Problem Description:
Given some constraints formed with two variables, and operator of OR, AND, or XOR, you are to find whether there exists a solution to satisfy all the constraints.

Constraints:
1 ≤ N ≤ 1000 (number of variables)
1 ≤ M ≤ 1e6 (number of constraints)

Solution:
It is always possible to decompose OR, AND, and XOR into forms of if a then b. Then solve with 2-SAT algorithm.

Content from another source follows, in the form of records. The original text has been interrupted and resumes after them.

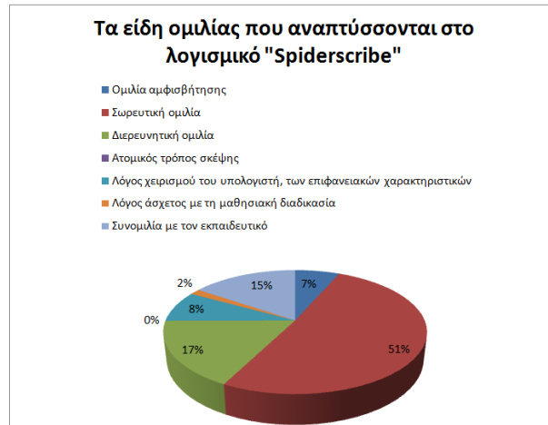
Σχήμα 2: Τα είδη ομιλίας που αναπτύσσουν οι ομάδες κατά την ενασχόλησή τους με το λογισμικό «Spiderscribe»

Με τη χρήση του « Stop Motion Animation » οι μαθητές είχαν την ευκαιρία να δημιουργήσουν τη δική τους ψηφιακή αφήγηση με τη μορφή «animation». Αφού έφτιαξαν με πλαστελίνη τη μορφή της Πινέζας, τραβώντας παράλληλα με την κίνηση του αντικειμένου φωτογραφίες δημιούργησαν μία σύντομη ιστορία κινήσεων της Πινέζας, την οποία είχαν τη δυνατότητα να αποθηκεύσουν στον υπολογιστή με τη μορφή βίντεο και να προβάλουν αργότερα στις υπόλοιπες δύο ομάδες. Σύμφωνα με τα δεδομένα που καταγράφηκαν, αναπτύχθηκε σε όλη τη διάρκεια της ενασχόλησης των παιδιών με το συγκεκριμένο λογισμικό η «Διερευνητική ομιλία». Οι μαθητές φαίνεται να ανταλλάσσουν τις ιδέες σχετικά με την ιστορία που θα έχει το έργο τους, τις κινήσεις και τον χειρισμό του λογισμικού καθώς επίσης και τον τελικό τίτλο του αρχείου που δημιούργησαν. Επιπλέον, παρατηρούμε ότι ενθαρρύνεται η ενεργή συμμετοχή όλων των συμμετεχόντων στην εύρεση της λύσης και η από κοινού λήψη των αποφάσεων. Οι μαθητές χρησιμοποιούν στο λόγο τους προτάσεις πιο ολοκληρωμένες από εκείνες που παρατηρούνται κατά τη «Σωρευτική ομιλία». Σαφέστατα, η «Σωρευτική ομιλία» αναπτύσσεται και στις τρεις ομάδες αλλά σε μικρότερη έκταση από τη «Διερευνητική ομιλία» (Σχήμα 3).
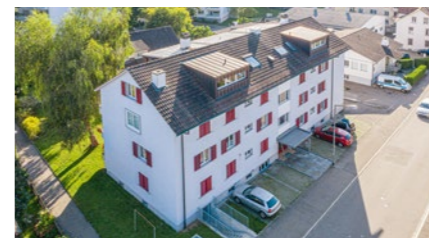
Mehrfamilienhaus in Winterthur
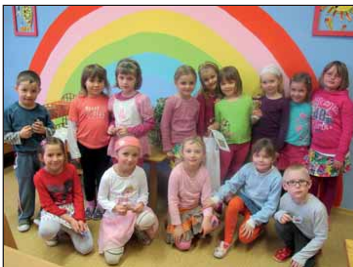
Sluníčka malovaly i děti z MŠ Kvasice.
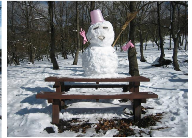
▲ 雪だるま 関平温泉遊歩道
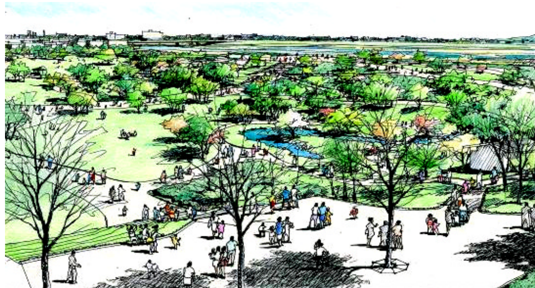
二子玉川駅方面エントランス上空からの眺め
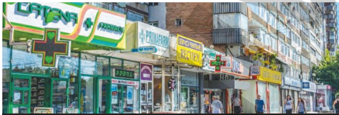
● Pastila pentru minte și literatură este, avem dovada, mai puțin eficientă decât hapul pentru rinichi și migrene

Am pierdut (aseară) soacra/ mică, fină, educată... era dulce și sprinteră/ soacra de la marea moartă! Era cusca mamei mele/ soacra de la marea moartă... era soacră de spație/ și creștea (discret) o fată! Nu avea nici o idee/ incredibila mea soacră... se făcea că mă iubește/ de-mi ieșea părul prin ceacră! Și-mi era așa de dragă/ soacra de la marea moartă... o vedeam în foi de viță,/ cred că îmi plăcea și fiartă! Soacra ce mi-am dat (odată)/ harnică, sulfină, verde, am pierdut-o chiar aseară.../ dar ce soacră nu se pierde?! Uite-așa mă doare soacra/ mică, fină, educată... dacă mă înșel, vezi bine,/ poate-am s-o mai pierd o dată!
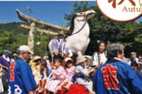
子どもの誕生と健やかな成長を願って街中で八朔の馬(台車にのせた馬の模型)を引き回します。
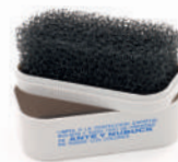
Губка для изделий из замши и нубука.

Комплект для ухода за обувью. Включает в себя: Коробка с эксклюзивным дизайном Masaltos.com. Прозрачный или бесцветный крем для обуви. Крем черного цвета для обуви. Кисть для нанесения крема. Кисть для придания блеска обуви. Ткань для чистки и полировки обуви. Футляр для хранения средств по уходу.
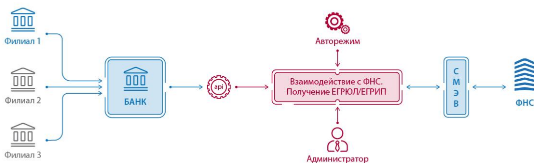
Рисунок 1. Архитектура решения

Архитектура решения для использования в интеграции с внешними информационными системами представлена на рисунке 1.
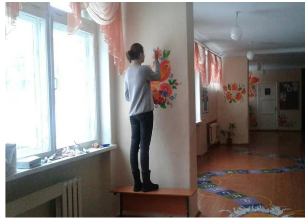
Рис. 3. Обов'язкова умова роботи — природне освітлення інтер'єру

Не уникнули й помилок. Спочатку використовували олійні фарби, однак малювати ними вихованцям було не зовсім зручно. Фарба дуже довго висихає і не дуже гарно покриває поверхню.
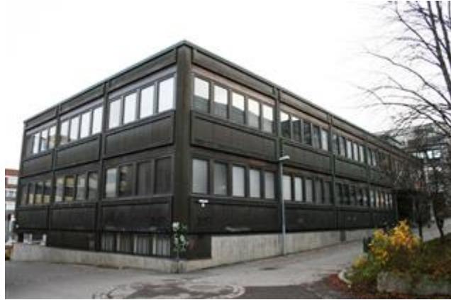
Rakennus Hapelähteenkadun ja Puusepänkadun risteyksestä kuvattuna.
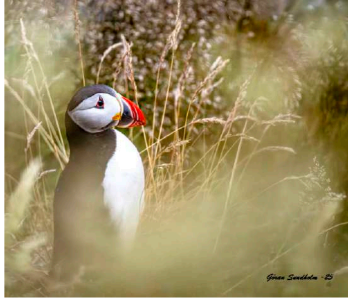
Lunnefågel. Foto: Göran Sundholm

Foto sid 1: Lunnefågel, Göran Sundholm. Fågelberget och gruppbild, David Armini.
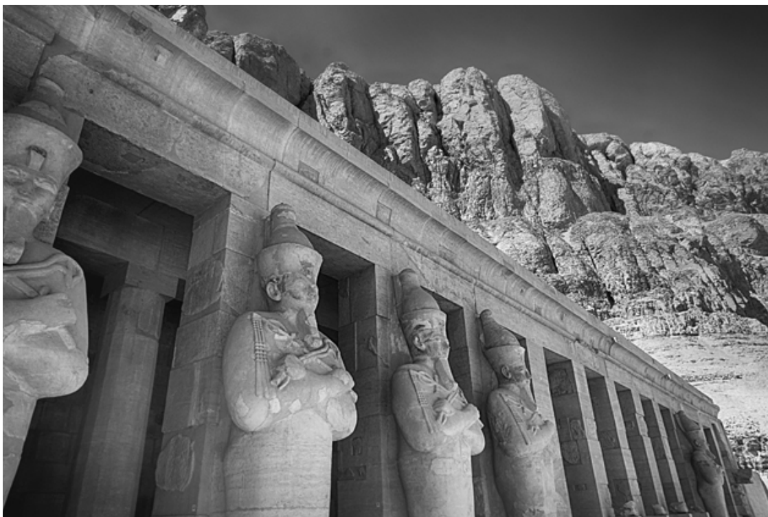
Осирические колоссы в храме Хатшепсут. Ок. XV в. до н. э. Дейр-эль-Бахри, Египет

Сененмут, создававший изображения своей возлюбленной, не мог не показать ее женской красоты. Точно так же через сто лет скульптор Тутмос оказался не в состоянии передать исключительно духовную красоту Нефертити – он воплотил в ее портретах свою любовь. Недаром люди и через тысячи лет сочиняют романы о красавицах Древнего Египта и их поклонниках.
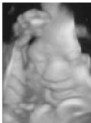
▲妊娠34週 少し微笑んでいるようですね。何かいい夢でも見ているのでしょうか。
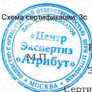
Схема сертификации, 3с
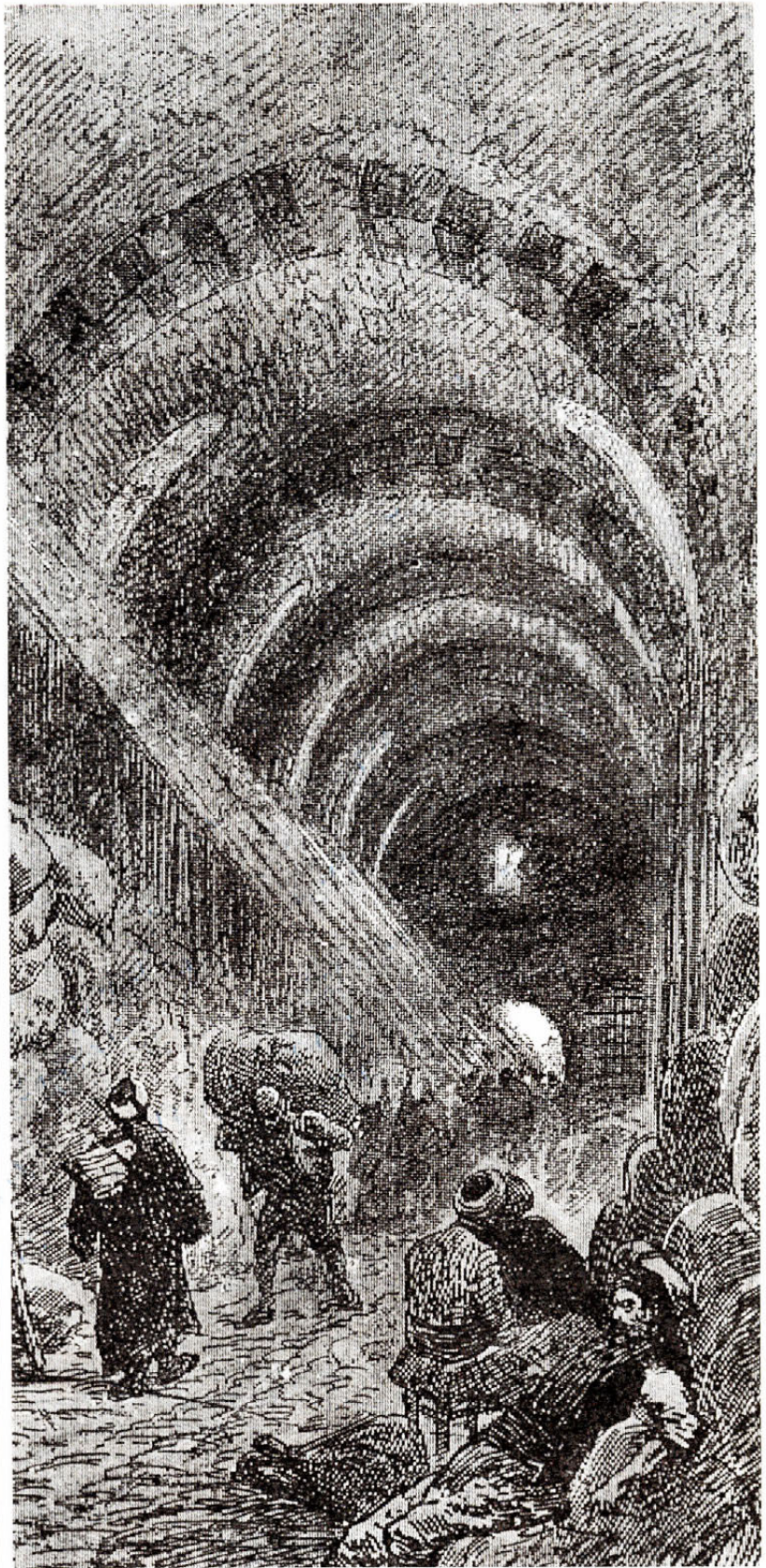
ΠΑΖΑΡΙ ΒΑΜΒΑΚΙΟΥ ΣΤΗΝ ΚΩΝΣΤΑΝΤΙΝΟΥΠΟΛΗ Ed. De Amicis, Constantinople , Παρίσι, 1883, σ. 119.

Η πολιτική εξουσία των φορέων της οικονομικής ζωής γίνεται μεγαλύτερη εκεί όπου οι οικονομικές δραστηριότητες αφορούν όχι μόνο μία πόλη, αλλά μία ευρύτερη περιοχή· έτσι, οι κάτοικοι των Μαντεμοχωρίων της Χαλικιδικής, των Μαστιχοχωρίων της Χίου, των 24 χωριών του Πηλίου καθώς και εκείνοι της πε-
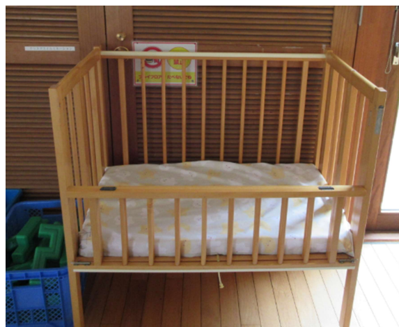
NO. 6 ベビーベット
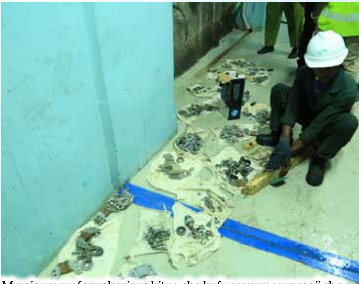
Mmoja wa wafanyakazi wa kituo cha kufua umeme wa maji cha Kidatu akisafisha vipuri vya mashine ya kufua umeme iliyopata hitilafu kutokana na kuzidiwa maji.
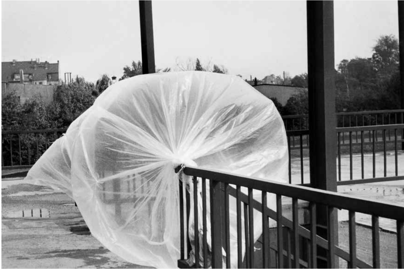
Leipzig, technische Messe, 13. 9. 1966, Wind W 20 km/h
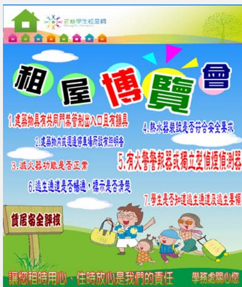
宣導安全租屋-教育部評核 6+1
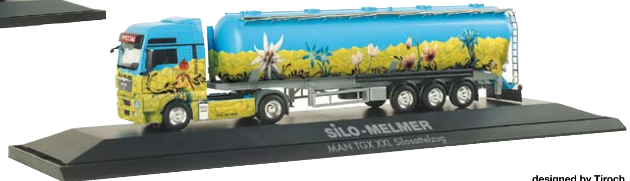
121125 | MAN TGX XXL Silo-Sattelzug „Melmer/Alpenblumen” (A) / MAN TGX XXL silo semitrailer “Melmer/Alpenblumen” (A)
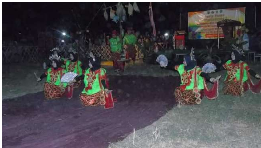
Gambar 7. Penari pada acara pembukaan Mappadendang
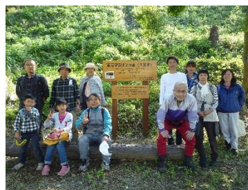
自然観察ガイドウォーク

午後からは、昨年までの植栽地における自然観察と八王子城跡の二つのコースに分かれてガイドウォークを行いました。自然観察コースでは、植樹から1～2年が経過した苗木の成長を確認したり、植栽地からの眺望を楽しみました。また、城跡コースでは、植栽地周辺の森林と八王子城の石垣など、当時の面影を残す登山道の散策を楽しみました。
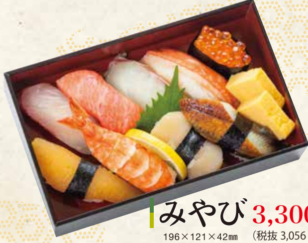
みやび 3,300円 196×121×42mm (税抜 3,056円)
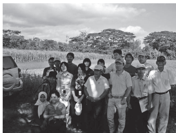
図5 学生の海外渡航、インドネシア ガジャマダ大学訪問および現地圃場の視察（平成21年12月7日から12月12日）

海外派遣に関する大学からの資金面での支援制度には、山形大学小嶋国際学術交流基金（本学大学院生および教職員対象、各部局から1年1件を限度とし、海外渡航に係る片道の航空運賃を助成する）、女性教員の国際学会への旅費支援（本学女性教員対象、1年6名
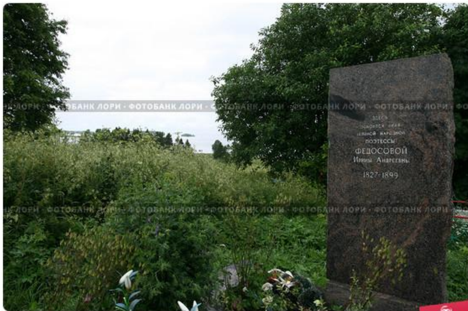
Карелия. Заонежье. Памятник на могиле И.А. Федосовой, народной поэтессы-сказачки
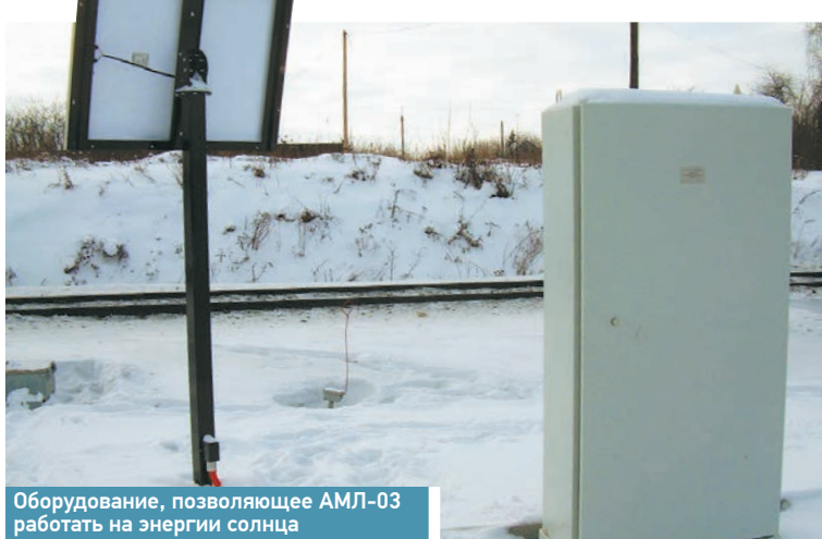
Оборудование, позволяющее АМЛ-03 работать на энергии солнца

В соответствии с инвестиционной программой ОАО «РЖД», в рамках внедрения прогрессивных ресурсосберегающих технологий на полигоне Рязанской дистанции пути впервые внедрён лубрикатор нового поколения – стационарный рельсосмазывать АМЛ-03 – производства ООО ЭМЗ «Машиностроитель». Такой агрегат позволяет в 1,5 раза сократить износ самого дорогостоящего элемента конструкции верхнего строения пути – рельса.
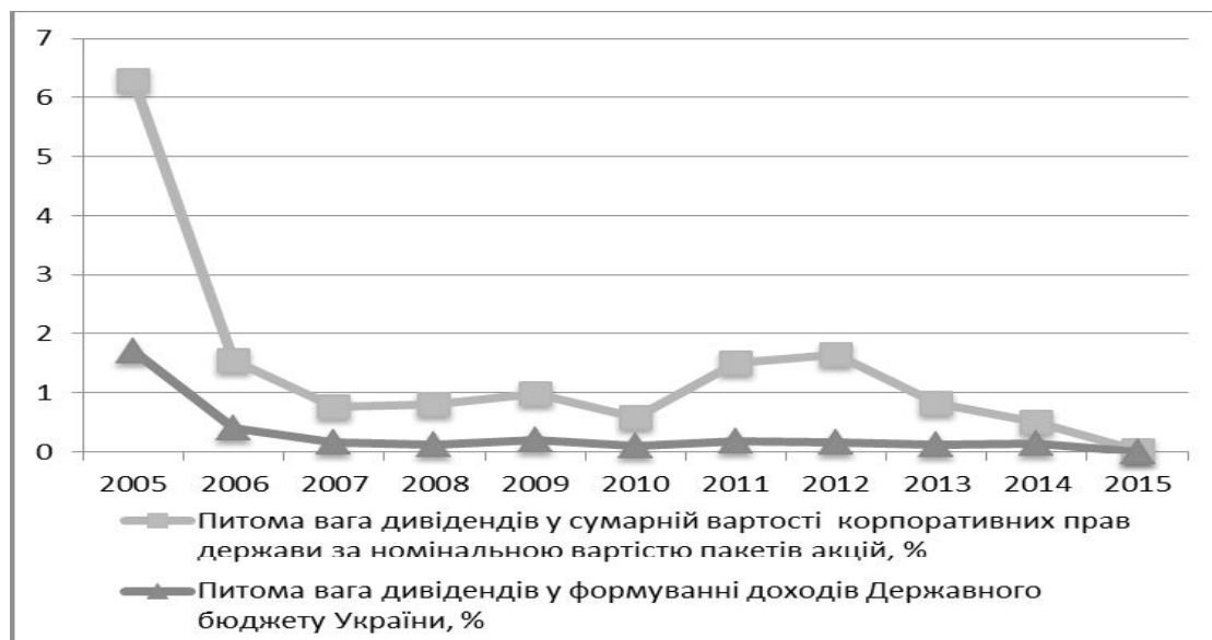
Рис.2. Питома вага дивідендів у сумарній вартості корпоративних прав держави за номінальною вартістю пакетів акцій та у формуванні доходів Державного бюджету України, %

Look at the code if you are interested in the details.

Code:

#include <iostream>
#include <vector>
#include <string>
#include <algorithm>

void topo_sort(const std::vector<std::vector<int> > &graph, int u, std::vector<int> &stk, std::vector<int> &vis) {
  if (vis[u]) return;
  vis[u] = 1;
  for (int i = 0; i < int(graph[u].size()); ++i) {
    topo_sort(graph, graph[u][i], stk, vis);
  }
  stk.push_back(u);
}

void ksrj(const std::vector<std::vector<int> > &graph, int u, std::vector<int> &scc, int scc_id) {
  if (scc[u]) return;
  scc[u] = scc_id;
  for (int i = 0; i < int(graph[u].size()); ++i) {
    ksrj(graph, graph[u][i], scc, scc_id);
  }
}

std::vector<int> scc_dcmp(const std::vector<std::vector<int> > &graph) {
  std::vector<int> scc(graph.size()); {
    std::vector<int> stk, vis(graph.size()); {
      for (int i = 0; i < int(graph.size()); ++i) {
        topo_sort(graph, i, stk, vis);
      }
    }
    std::vector<std::vector<int> > rgraph(graph.size()); {
      for (int i = 0; i < int(graph.size()); ++i) {
        for (int j = 0; j < int(graph[i].size()); ++j) {
          rgraph[graph[i][j]].push_back(i);
        }
      }
    }
    std::reverse(stk.begin(), stk.end());
    for (int i = 0; i < int(stk.size()); ++i) {
      if (scc[stk[i]]) continue;
      static int scc_id = 0;
      ++scc_id;
      ksrj(rgraph, stk[i], scc, scc_id);
    }
  }
  return scc;
}

signed main() {
  std::ios::sync_with_stdio(false);
  int N, M;
  std::cin >> N >> M;
  std::vector<std::vector<int> > G(N << 1);
  for (int i = 0; i < M; ++i) {
    int A, B, C;
    std::string OP;
    std::cin >> A >> B >> C >> OP;
    if (OP == "OR") {
      if (C) {
        G[N + A].push_back(B);
        G[N + B].push_back(A);
      } else {
        G[A].push_back(N + A);
        G[B].push_back(N + B);
      }
    } else if (OP == "AND") {
      if (C) {
        G[N + A].push_back(A);
        G[N + B].push_back(B);
      } else {
        G[A].push_back(N + B);
        G[B].push_back(N + A);
      }
    } else if (OP == "XOR") {
      if (C) {
        G[N + A].push_back(B);
        G[A].push_back(N + B);
        G[N + B].push_back(A);
        G[B].push_back(N + A);
      } else {
        G[N + A].push_back(N + B);
        G[A].push_back(B);
        G[N + B].push_back(N + A);
        G[B].push_back(A);
      }
    }
  }
  std::vector<int> at_scc = scc_dcmp(G);
  bool ng = false;
  for (int i = 0; i < N; ++i) {
    ng |= at_scc[i] == at_scc[N + i];
  }
  std::cout << (ng ? "NO" : "YES") << std::endl;
  return 0;
}